* _WHAT THIS TASK INVOLVES_:
In the records below, find the line with "c) Do góc B", then copy each line exactly until you have copied the line with "Journal of Humanistic". Leave any picture out.

* _EXERCISE INPUT_:
"""

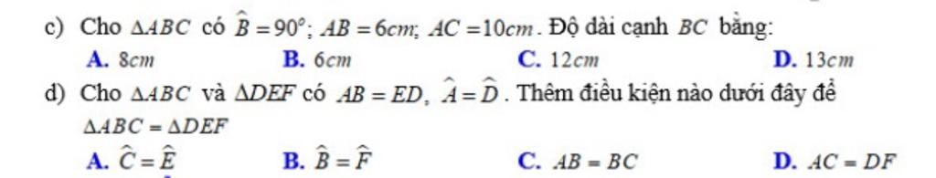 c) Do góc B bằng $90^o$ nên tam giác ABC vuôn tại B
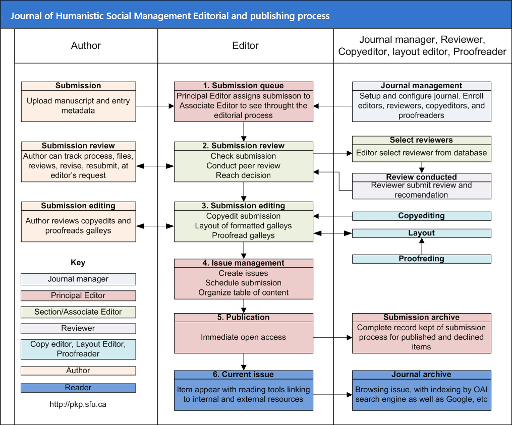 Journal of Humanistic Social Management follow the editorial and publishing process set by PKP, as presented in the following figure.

"""
"""

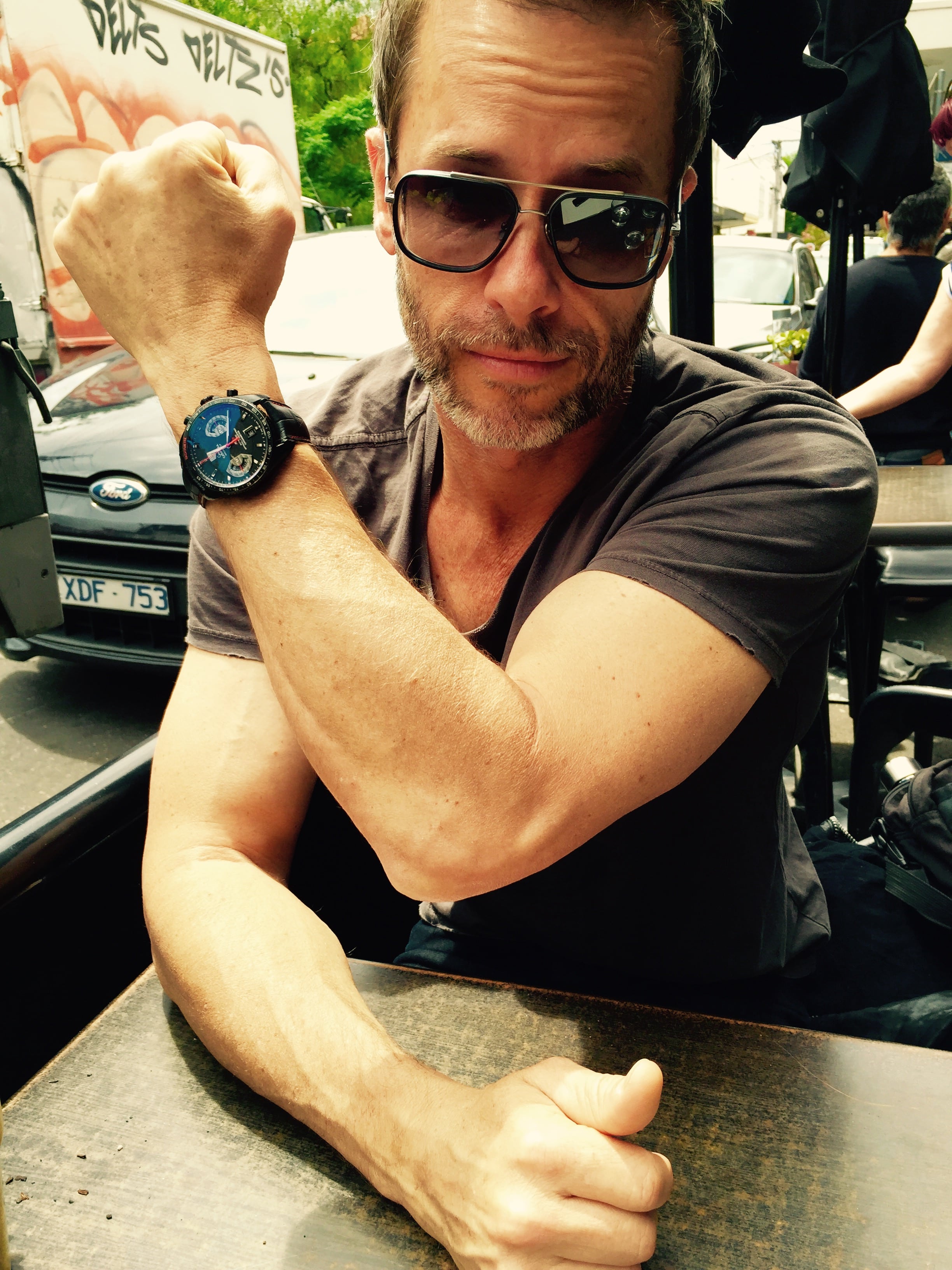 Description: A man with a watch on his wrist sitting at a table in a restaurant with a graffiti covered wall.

"""

* _EXERCISE RESPONSE_:
 c) Do góc B bằng $90^o$ nên tam giác ABC vuôn tại B
 Journal of Humanistic Social Management follow the editorial and publishing process set by PKP, as presented in the following figure.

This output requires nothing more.